◆ DIRECTIONS ◆
Lower down are entries containing pictures. Copy exactly, without those pictures, the lines from the line with "Anstehender Perniö-Granit im" through the line with "A comédia adaptada".

◆ MATERIAL FOR THIS EXERCISE ◆
= = =

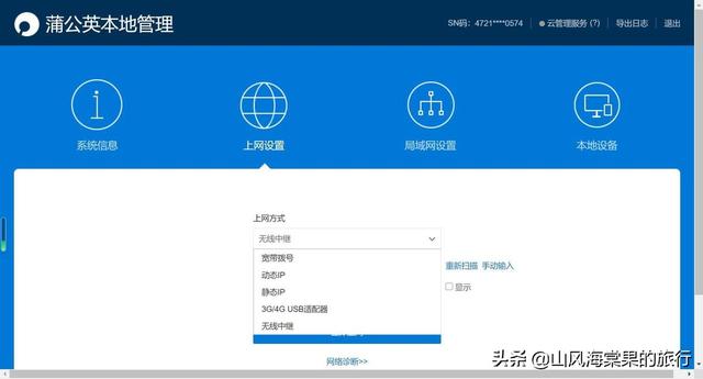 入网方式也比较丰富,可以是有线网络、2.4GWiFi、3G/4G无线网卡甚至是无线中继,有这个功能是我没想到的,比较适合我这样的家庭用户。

= = =

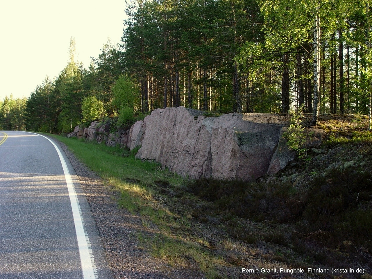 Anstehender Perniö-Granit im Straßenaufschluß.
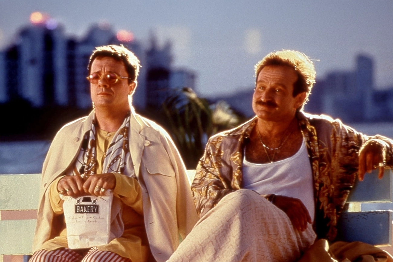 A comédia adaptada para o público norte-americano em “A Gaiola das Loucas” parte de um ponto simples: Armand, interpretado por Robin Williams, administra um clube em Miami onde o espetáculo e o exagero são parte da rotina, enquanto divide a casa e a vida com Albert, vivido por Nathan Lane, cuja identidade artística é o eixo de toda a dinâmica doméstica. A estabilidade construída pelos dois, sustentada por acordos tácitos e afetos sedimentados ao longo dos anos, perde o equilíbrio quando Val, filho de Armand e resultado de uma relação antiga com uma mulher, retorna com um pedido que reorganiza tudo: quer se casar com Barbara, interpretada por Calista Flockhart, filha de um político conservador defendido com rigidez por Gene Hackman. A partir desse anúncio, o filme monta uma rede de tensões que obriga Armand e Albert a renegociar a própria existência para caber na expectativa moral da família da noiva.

= = =

◆ WRITTEN REPLY ◆
 Anstehender Perniö-Granit im Straßenaufschluß.
 A comédia adaptada para o público norte-americano em “A Gaiola das Loucas” parte de um ponto simples: Armand, interpretado por Robin Williams, administra um clube em Miami onde o espetáculo e o exagero são parte da rotina, enquanto divide a casa e a vida com Albert, vivido por Nathan Lane, cuja identidade artística é o eixo de toda a dinâmica doméstica. A estabilidade construída pelos dois, sustentada por acordos tácitos e afetos sedimentados ao longo dos anos, perde o equilíbrio quando Val, filho de Armand e resultado de uma relação antiga com uma mulher, retorna com um pedido que reorganiza tudo: quer se casar com Barbara, interpretada por Calista Flockhart, filha de um político conservador defendido com rigidez por Gene Hackman. A partir desse anúncio, o filme monta uma rede de tensões que obriga Armand e Albert a renegociar a própria existência para caber na expectativa moral da família da noiva.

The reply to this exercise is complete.